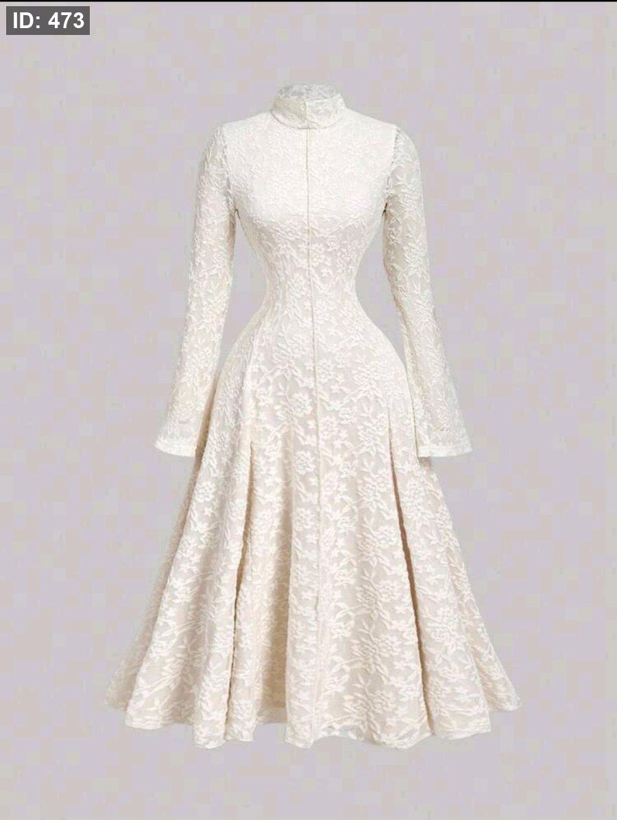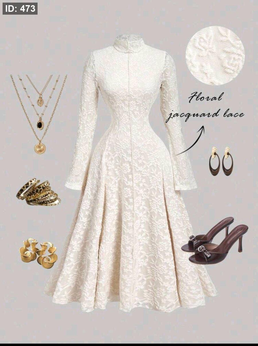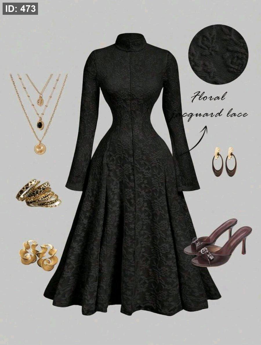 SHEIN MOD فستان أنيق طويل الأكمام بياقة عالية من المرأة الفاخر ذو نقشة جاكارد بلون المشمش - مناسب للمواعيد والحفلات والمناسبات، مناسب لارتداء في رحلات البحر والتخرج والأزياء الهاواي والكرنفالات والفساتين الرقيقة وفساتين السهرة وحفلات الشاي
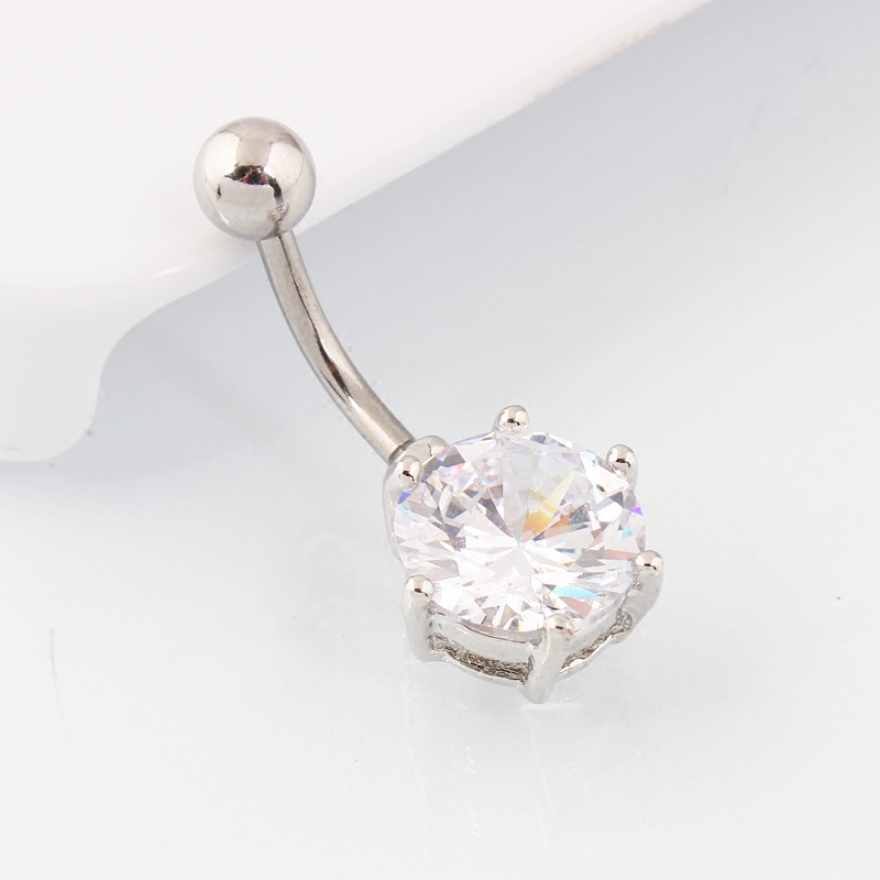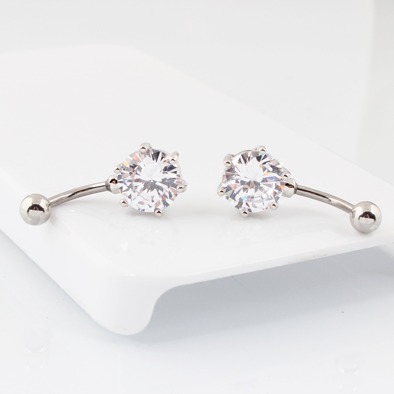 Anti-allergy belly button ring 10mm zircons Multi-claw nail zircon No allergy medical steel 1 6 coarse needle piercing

--

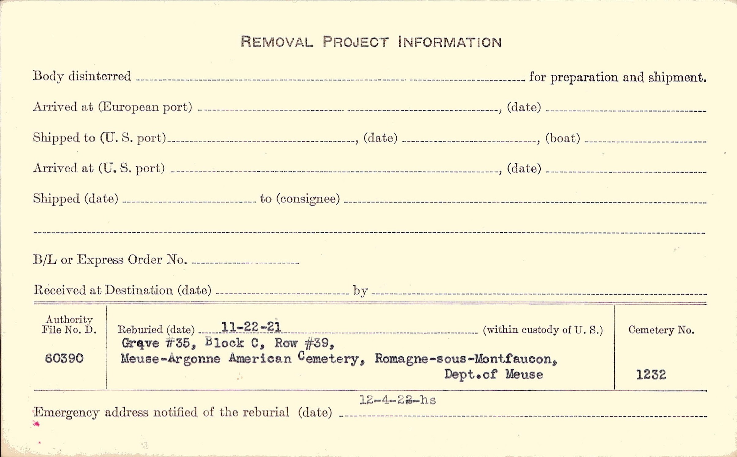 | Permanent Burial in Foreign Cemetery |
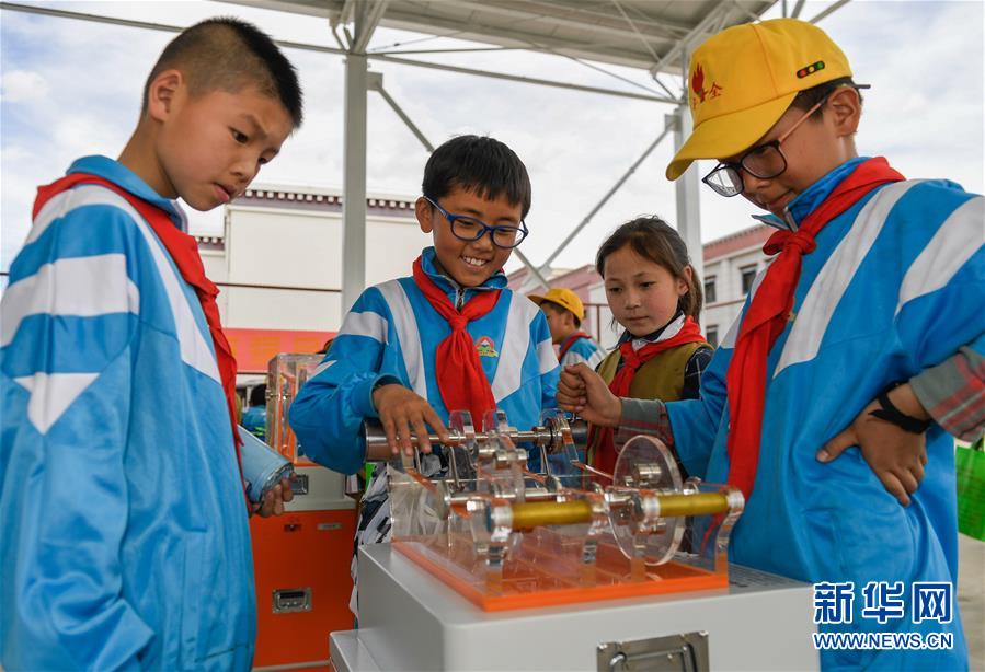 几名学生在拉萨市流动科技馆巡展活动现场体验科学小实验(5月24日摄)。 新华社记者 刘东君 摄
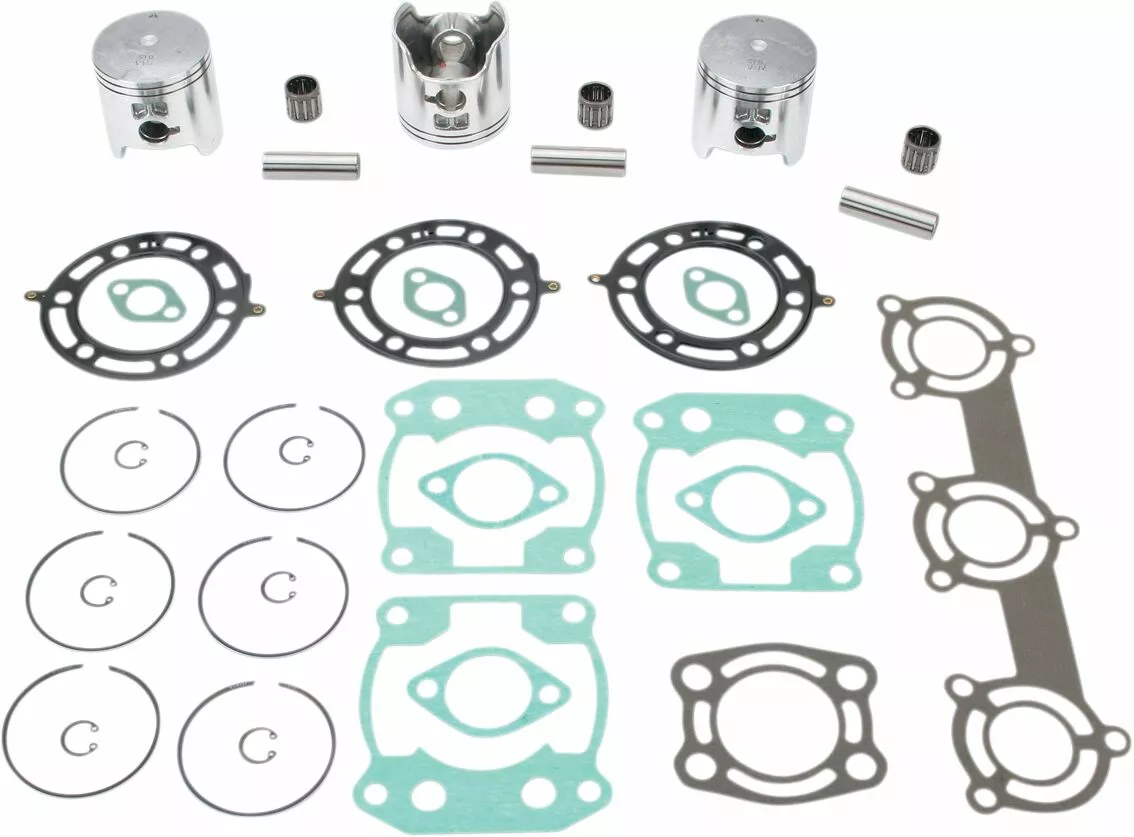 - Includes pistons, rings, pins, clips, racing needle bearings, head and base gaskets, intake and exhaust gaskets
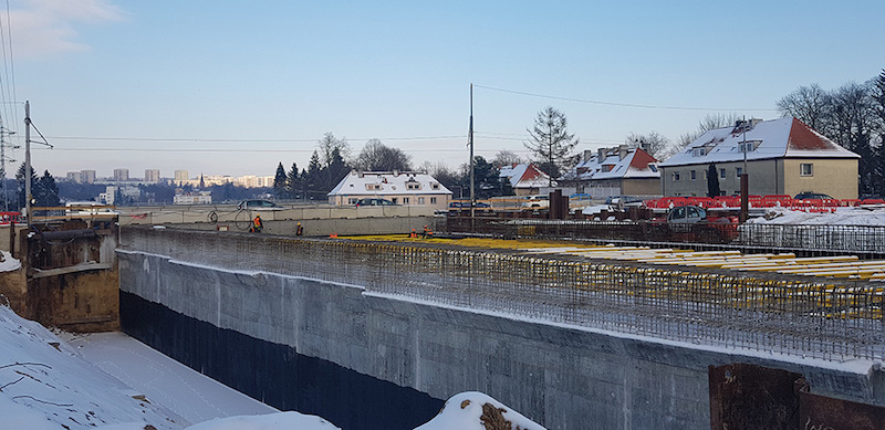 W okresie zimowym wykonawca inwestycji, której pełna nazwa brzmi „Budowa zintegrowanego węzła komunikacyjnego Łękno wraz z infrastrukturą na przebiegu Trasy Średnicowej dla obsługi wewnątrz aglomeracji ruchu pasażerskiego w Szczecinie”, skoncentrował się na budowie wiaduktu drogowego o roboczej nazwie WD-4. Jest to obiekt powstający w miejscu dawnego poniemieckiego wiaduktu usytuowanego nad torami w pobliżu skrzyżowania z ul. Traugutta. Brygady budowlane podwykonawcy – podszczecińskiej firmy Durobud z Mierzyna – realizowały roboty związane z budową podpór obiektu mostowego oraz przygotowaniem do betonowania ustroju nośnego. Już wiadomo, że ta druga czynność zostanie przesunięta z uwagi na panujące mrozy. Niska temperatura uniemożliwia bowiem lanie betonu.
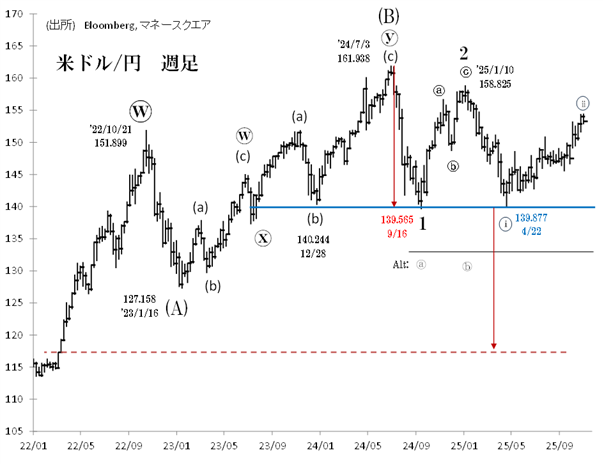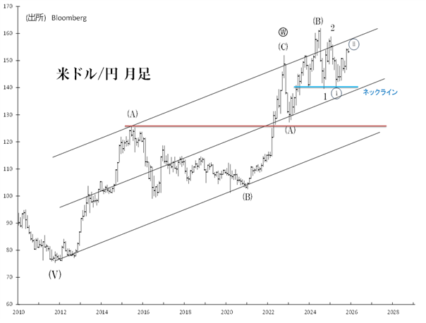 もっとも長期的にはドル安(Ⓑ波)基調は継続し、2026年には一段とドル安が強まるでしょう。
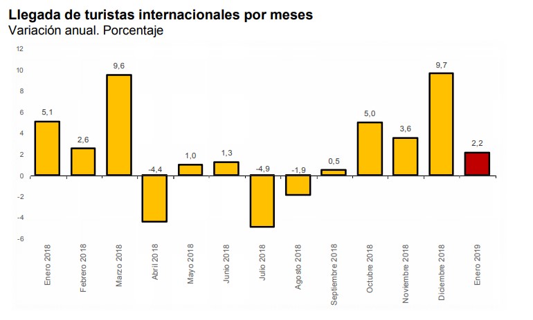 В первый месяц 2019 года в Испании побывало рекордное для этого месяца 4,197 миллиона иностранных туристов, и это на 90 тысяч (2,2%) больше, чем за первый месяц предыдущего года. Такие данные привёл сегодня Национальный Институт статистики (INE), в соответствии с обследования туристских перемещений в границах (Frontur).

Goal of the exercise
Set the pictures aside and transcribe exactly the stretch of lines above, beginning with the one holding "もっとも長期的にはドル安(Ⓑ" and ending with the one holding "В первый месяц".

Solution to the problem
 もっとも長期的にはドル安(Ⓑ波)基調は継続し、2026年には一段とドル安が強まるでしょう。
 В первый месяц 2019 года в Испании побывало рекордное для этого месяца 4,197 миллиона иностранных туристов, и это на 90 тысяч (2,2%) больше, чем за первый месяц предыдущего года. Такие данные привёл сегодня Национальный Институт статистики (INE), в соответствии с обследования туристских перемещений в границах (Frontur).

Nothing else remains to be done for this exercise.